Paper or Plastic

On of my favorite aviation bloggers, Aviatrix over at Cockpit Conversation, had a bunch of questions about changing over to an Electronic Flight Bag (EFB) and how the iPad might compare to paper maps. As I was reading her entry I started thinking of a comment or two to post, but the more I read, the more I realized it would be too long for a comment. Here are my answers to her very astute questions.

(I have been flying with an EFB for more than four years now. I even wrote an article about aviation apps for your iPad. I have actually switched over to an iPad mini, which is really easy to always have with you.)

I am going to assume that the operation will sign up with Foreflight. Anything else will be sad. I can’t compare the applications for them and I am sure they are getting sales pressure from Garmin, but I have tried them all and I know the iPad user experience. Foreflight is the leader for a reason.

You can spread paper charts over the whole wall/bed/floor to get a big picture of where you are going.

The zooming in and out in Foreflight is seamless. And you can flick on and off the different map layers, so while you are in your hotel and on WiFi you can turn on the animated radar images and change your plotted course to get around the back side of a storm system. You can check the IFR low altitude map and then double check where that takes you on the VFR map so you can see the terrain.

What I find that I do is to put in the route direct, then fill in points along the way. Before I pack everything up I pan along the route zoomed in so I can see things. There are all sorts of amazing tools, like the new profile view to show you the clearance from terrain.

Paper charts don’t become useless when broken.

When the iPad first came out I read a story about a fellow who was tapped to do the vows for his best friend’s wedding. He had them all typed into the iPad and his wife was making fun of him for being such a geek. Then during the ceremony the sun was beating down and while everyone was getting to the seats the iPad overheated. There’s no way to turn it on if it is above a certain temperature. I have not heard of that happening in the cockpit but I assume most pilots are like me and a little careful about not having it sit in direct sunlight for hours at a time.

When we fly across the country I have my iPad mini loaded up. Then I have my iPhone, also loaded with Foreflight. And I have my wife’s iPad loaded with it. The boys are each carrying an iPad and and iPhone (so is my wife), so I guess if I got a little nutty I could have three backup iPads and four backup iPhones. I have, once, had the iPad out of battery when I was approaching an airport (VFR) so I pulled out my phone instead. It was a non-event.

If I were running a commercial operation I would have a pair of iPads in each cockpit. They are too cheap not to do that.

(When I take off the iPad is always fully charged, but the new smart cover had dislodged just enough in my bag to let the screen light up. So it ran the battery down.)

Paper charts are temperature and pressure independent.

See above comment about overheating.

Paper doesn’t glare or wreck your night vision.

I believe there is a night setting on Foreflight, although I haven’t looked into it because I just turn the brightness down on the iPad.

You can write on a paper chart.

Foreflight allows for annotations, although I have not used this feature yet. They also allow you to make comments on FBOs and airports, which means that you could have permanent information stored there which other pilots could see as well.

Since they let you share PDFs across your operation you could also have an operational document that you continually amended and that would be the first place to check for information related to a particular airport or area.

You can set up a series of paper charts to show the important stages in your journey.

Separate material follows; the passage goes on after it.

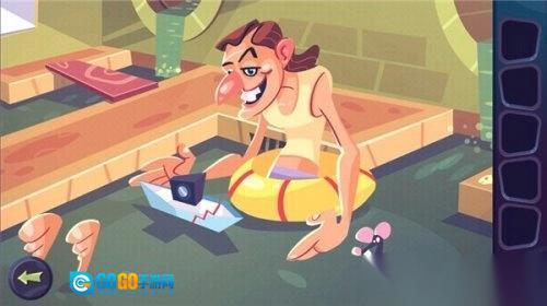 从右侧纸箱中取出插栓,拿出箱内的纸船部件。点击拾取当前光标处的纸船部件,再拿起图中的黄色502胶水。用502将纸船零件粘合成完整纸船,把纸船放入水中,会得到一只受惊的老鼠。将老鼠放到下图指定位置,老鼠跑动后开始通电。按下电闸开关,左侧通水管道关闭,水位下降,露出下图所示的插梢,把插梢放入镜中的框内。转动插梢,镜子随之下降,露出扶梯,即可通过此关卡。

I have not found a way to bookmark a particular pan and zoom setting, although the Foreflight team is always improving things and that’s a good feature suggestion. The zoom and panning is so natural that I usually have a bunch of waypoints on the magenta line and I just zoom to the section that is first, then the next section… like that. It is pretty easy to navigate to each waypoint on the flight plan.

I imagine if I want to find Moose Creek airport I can do a search, rather than hunting all over the map for it, or looking up its lat-long in the CFS. If i want to know the distance and bearing from Moose Creek to Squirrel Pond, I expect the electronic product will draw a line on it for me, and tell me its bearing, distance and MEA. It would be nice if it could also line up the frequencies I should expect, but I’ll be pleasantly surprised if it is that clever.

It is so much better and more clever that you can imagine and it gets better every six weeks. Just recently they added a weight and balance feature and a record-my-track feature. There is a feature to set up a search-and-rescue grid (which could, uh, be used for other things). But yes, searching for an airport is easy. There is an on-screen measuring device that pops up when you just spread your fingers on the screen, just the way you would expect. MEA is on the chart and I am not sure if it figures that, but it does show the profile view for the magenta line, which is what I want to see. It will download the NOTAMs and other information for a route, a fairly new feature called “packing.”

If i put my finger on the MAP, will I change my view?

You can lock the screen, which I do when I get to the Initial Approach Fix (IAF).

About Colin Summers

I am an architect, programmer, private pilot, husband and father. A couple of those I am good at.